Trust in the good judgement of reviewers with relevant qualifications, experience, and scientific skill is at the heart of peer review. Editors value reviewers’ expertise, and multiple studies have found a strong correlation between editorial final decisions and reviewers’ judgements [1,2,3]. However, human judgement (even experts’) is often flawed, susceptible to conscious and unconscious prejudices, misunderstandings, and gaps in knowledge. It should therefore be unsurprising that peer review can also be biased [4]. Peer reviewers have been shown to overlook methodological flaws and statistical errors [5,6,7], avoid reporting suspected instances of fraud [8] and commonly reach a level of agreement barely exceeding what would be expected by chance [9]. Recent studies have also exposed the extent of gender bias in peer review [10] and questionable editorial protocols that lack transparency [11]. Despite the wide range of issues, the debate over whether the system is irrevocably broken has not been settled. What is clear is that more work is needed to understand how journal peer review functions, to identify pressure points and improve its efficacy as a gatekeeping mechanism for high quality science [12].

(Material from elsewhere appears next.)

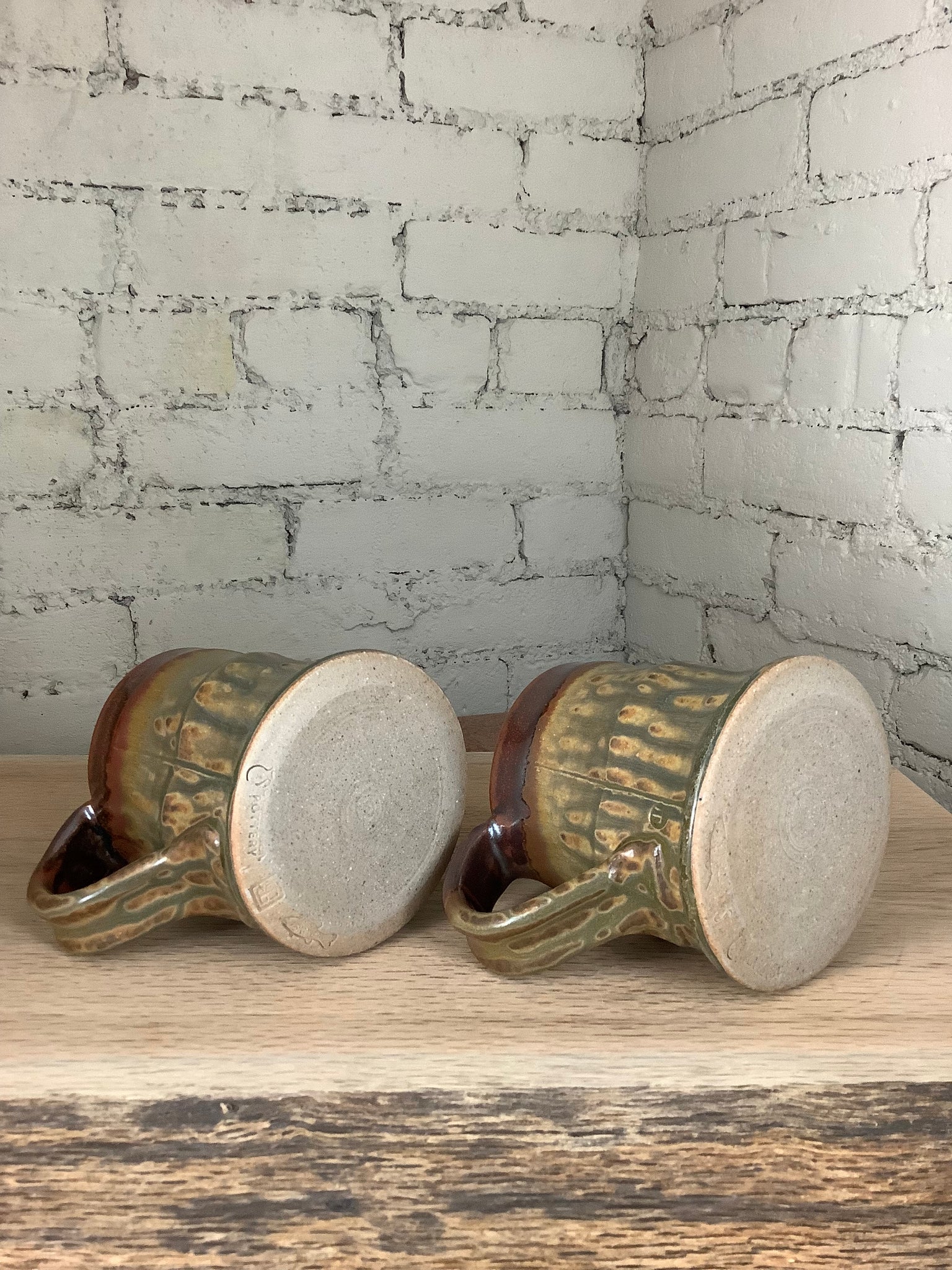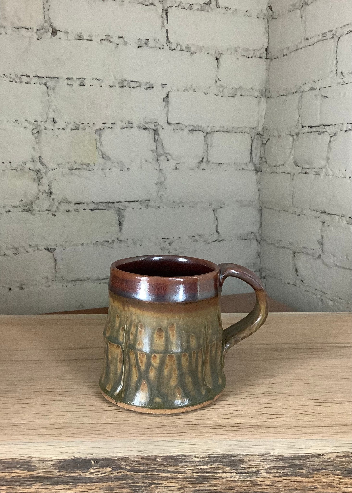 Each mug was fired onsite in our gas kiln at Goshen’s historic Old Bag Factory. We begin the firing in the evening and leave it to warm up overnight. In the morning, we raise the temperature to 2100 F, then perform a series of intentional temperature holds and decreases throughout the day to affect the color quality of the pieces within.

Contemporary peer review is predominantly a journal-organised, pre-publication quality assurance activity wherein independent and (often) anonymous reviewers provide their opinion on the suitability of submissions for publication [11, 13, 14], with reviewers being prompted with open questions or with several criteria that they should consider when making judgements [14]. Over the last two decades, editorial procedures have begun gradually to diverge from these conventional features, although the advances are slow and subject to criticism about time delays and undue influence over the process [13, 15]. A small minority of journals are experimenting with innovative peer review models that encourage dialogue between invited reviewers (between 2 and 8% of journals) [11, 14, 16]. While these more collaborative approaches are a promising development, they have not solved critical issues around limited participation, reviewer coherence or accountability. We believe that additional structural changes are required. To provide actionable recommendations for a fairer, accountable and more transparent system, we start from the observation that peer review should be treated like a structured expert elicitation process, applying tested protocols that incorporate research from mathematics, psychology, and decision theory to mitigate biases, and enhance the transparency, accuracy, and defensibility of the resulting judgements. This can demonstrably improve the quality of expert judgements, especially in the context of critical decisions [17,18,19,20,21]. In what follows we outline the hypothetical benefits of applying structured expert elicitation principles in journal peer review. In the Outlook section, we reflect on the challenges ahead.

Main text

Peer review as a structured elicitation process

Our recommendations are based on our collective experience developing and implementing the IDEA protocol (Investigate—Discuss—Estimate—Aggregate, Fig. 1) for structured expert elicitation in diverse settings including conservation, intelligence analysis, biosecurity, and, most recently, for the collaborative evaluation of research replicability and credibility [22,23,24,25,26,27,28]. This Delphi-style protocol has been shown to facilitate accurate predictions about which research findings will replicate [29] by prompting experts to investigate and discuss the transparency and robustness of the findings in a structured manner.

Fig. 1
figure 1

The IDEA protocol for structured expert judgement elicitation (adapted from [20])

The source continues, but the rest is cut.